▶ _Listed entries_
--- START ---

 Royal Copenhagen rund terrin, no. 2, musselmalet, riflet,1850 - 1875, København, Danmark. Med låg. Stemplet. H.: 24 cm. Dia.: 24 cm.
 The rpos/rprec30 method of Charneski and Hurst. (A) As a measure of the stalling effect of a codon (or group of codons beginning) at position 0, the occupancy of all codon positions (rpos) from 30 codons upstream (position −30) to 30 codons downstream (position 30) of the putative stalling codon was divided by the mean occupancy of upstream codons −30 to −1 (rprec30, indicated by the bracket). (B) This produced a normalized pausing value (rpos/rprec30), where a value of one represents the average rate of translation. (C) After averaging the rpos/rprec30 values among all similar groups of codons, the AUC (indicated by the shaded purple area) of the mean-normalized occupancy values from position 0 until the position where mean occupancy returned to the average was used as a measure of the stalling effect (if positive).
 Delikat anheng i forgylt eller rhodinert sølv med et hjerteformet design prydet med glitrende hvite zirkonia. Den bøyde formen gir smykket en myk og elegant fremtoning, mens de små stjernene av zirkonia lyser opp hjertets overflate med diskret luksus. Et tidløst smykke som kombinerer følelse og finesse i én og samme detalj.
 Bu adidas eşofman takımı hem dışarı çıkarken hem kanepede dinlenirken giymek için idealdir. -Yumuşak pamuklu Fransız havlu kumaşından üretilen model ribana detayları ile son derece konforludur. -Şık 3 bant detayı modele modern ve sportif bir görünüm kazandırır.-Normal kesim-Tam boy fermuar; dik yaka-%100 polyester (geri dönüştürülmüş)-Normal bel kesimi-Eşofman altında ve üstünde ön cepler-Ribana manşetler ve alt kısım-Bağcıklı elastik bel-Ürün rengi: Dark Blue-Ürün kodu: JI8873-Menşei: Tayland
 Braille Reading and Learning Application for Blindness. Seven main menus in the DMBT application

--- END ---
--- START ---

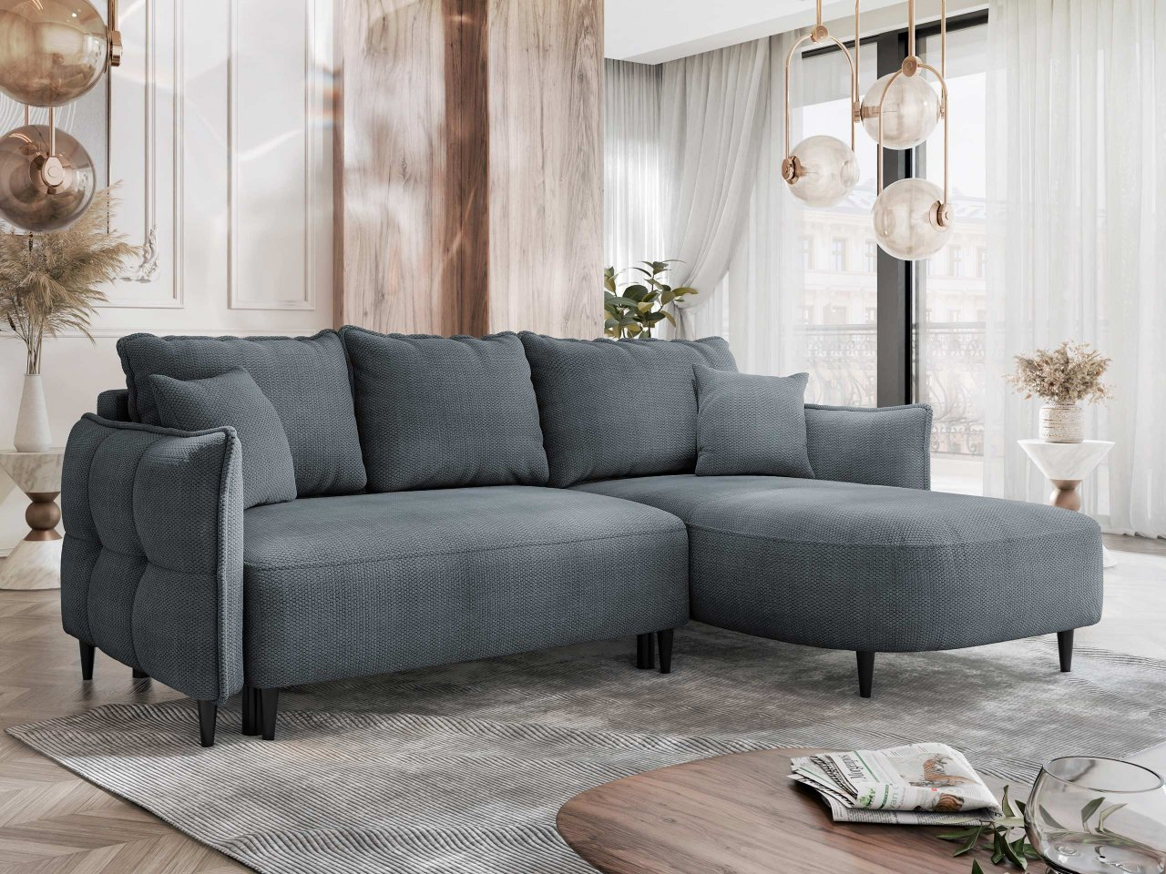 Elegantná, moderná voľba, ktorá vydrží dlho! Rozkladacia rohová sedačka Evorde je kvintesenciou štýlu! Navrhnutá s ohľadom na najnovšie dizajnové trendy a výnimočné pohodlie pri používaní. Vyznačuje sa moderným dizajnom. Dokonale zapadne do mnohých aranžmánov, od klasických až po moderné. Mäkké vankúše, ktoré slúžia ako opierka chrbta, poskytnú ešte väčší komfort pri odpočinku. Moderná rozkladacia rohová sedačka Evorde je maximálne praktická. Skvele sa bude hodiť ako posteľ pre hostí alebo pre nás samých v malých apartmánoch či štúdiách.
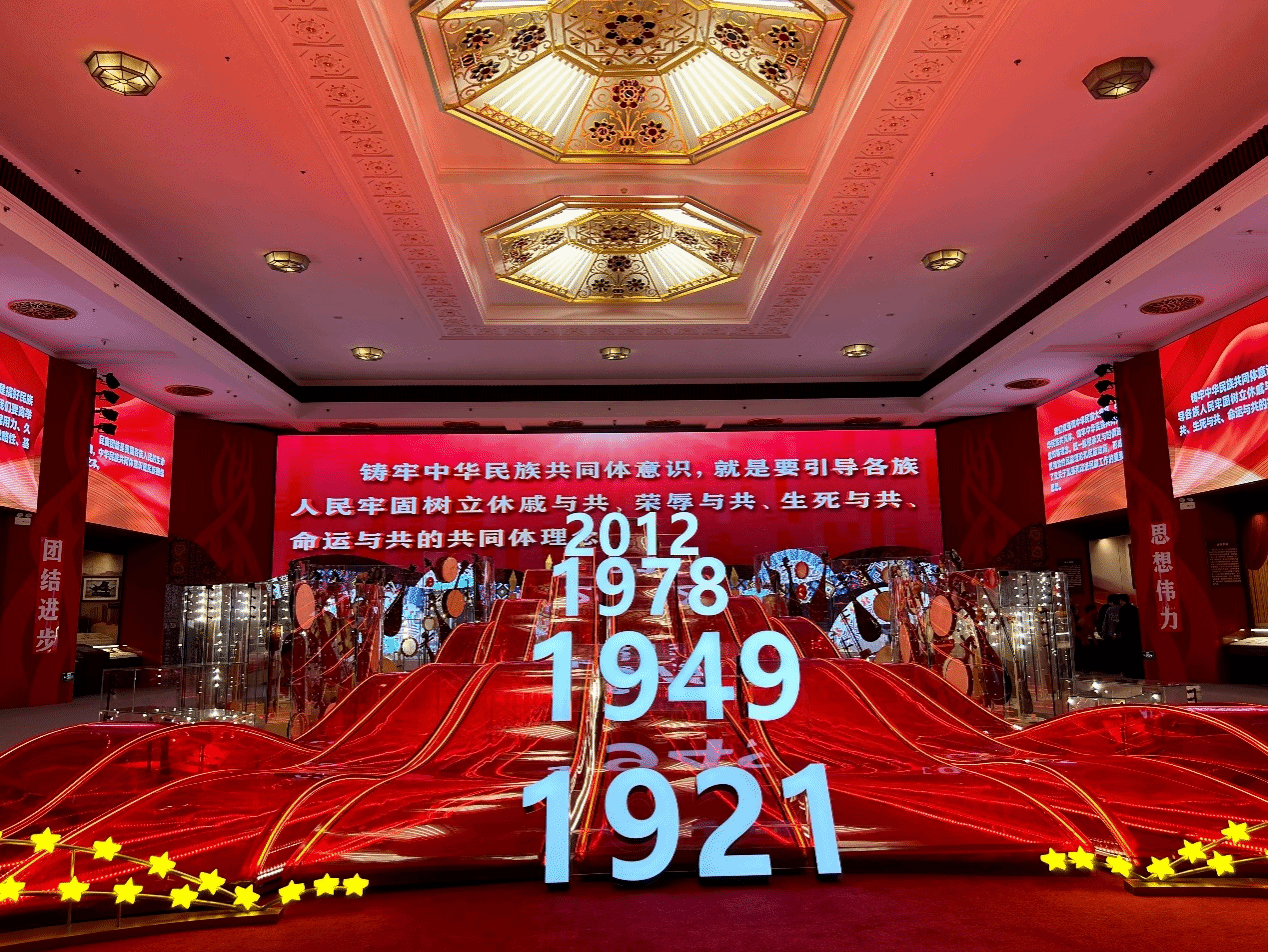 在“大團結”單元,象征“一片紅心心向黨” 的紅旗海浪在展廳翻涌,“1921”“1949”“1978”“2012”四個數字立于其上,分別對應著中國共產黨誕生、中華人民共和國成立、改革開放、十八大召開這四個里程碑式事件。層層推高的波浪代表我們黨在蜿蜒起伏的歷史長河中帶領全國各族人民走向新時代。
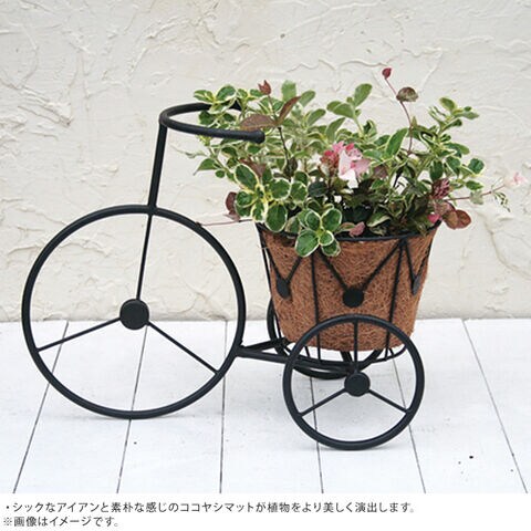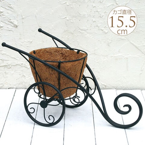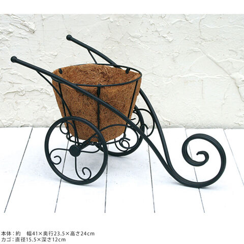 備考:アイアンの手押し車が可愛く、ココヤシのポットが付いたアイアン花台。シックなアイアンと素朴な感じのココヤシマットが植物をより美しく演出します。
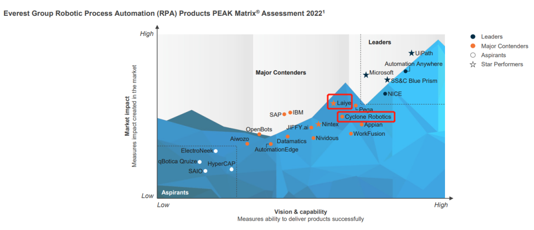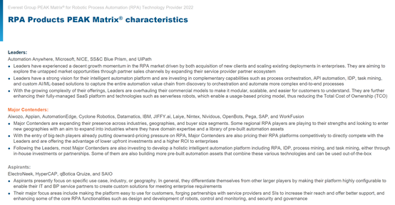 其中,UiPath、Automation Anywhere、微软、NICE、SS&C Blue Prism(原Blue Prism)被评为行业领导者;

--- END ---

▶ _What to produce_
Copy out exactly the lines above beginning with the line that contains "備考:アイアンの手押し車が可" and finishing with the line that contains "其中,UiPath、Automation Anywhere、微软、NICE、SS&C Blue", including both; leave the pictures out.

▶ _Solution to this problem_
 備考:アイアンの手押し車が可愛く、ココヤシのポットが付いたアイアン花台。シックなアイアンと素朴な感じのココヤシマットが植物をより美しく演出します。
 其中,UiPath、Automation Anywhere、微软、NICE、SS&C Blue Prism(原Blue Prism)被评为行业领导者;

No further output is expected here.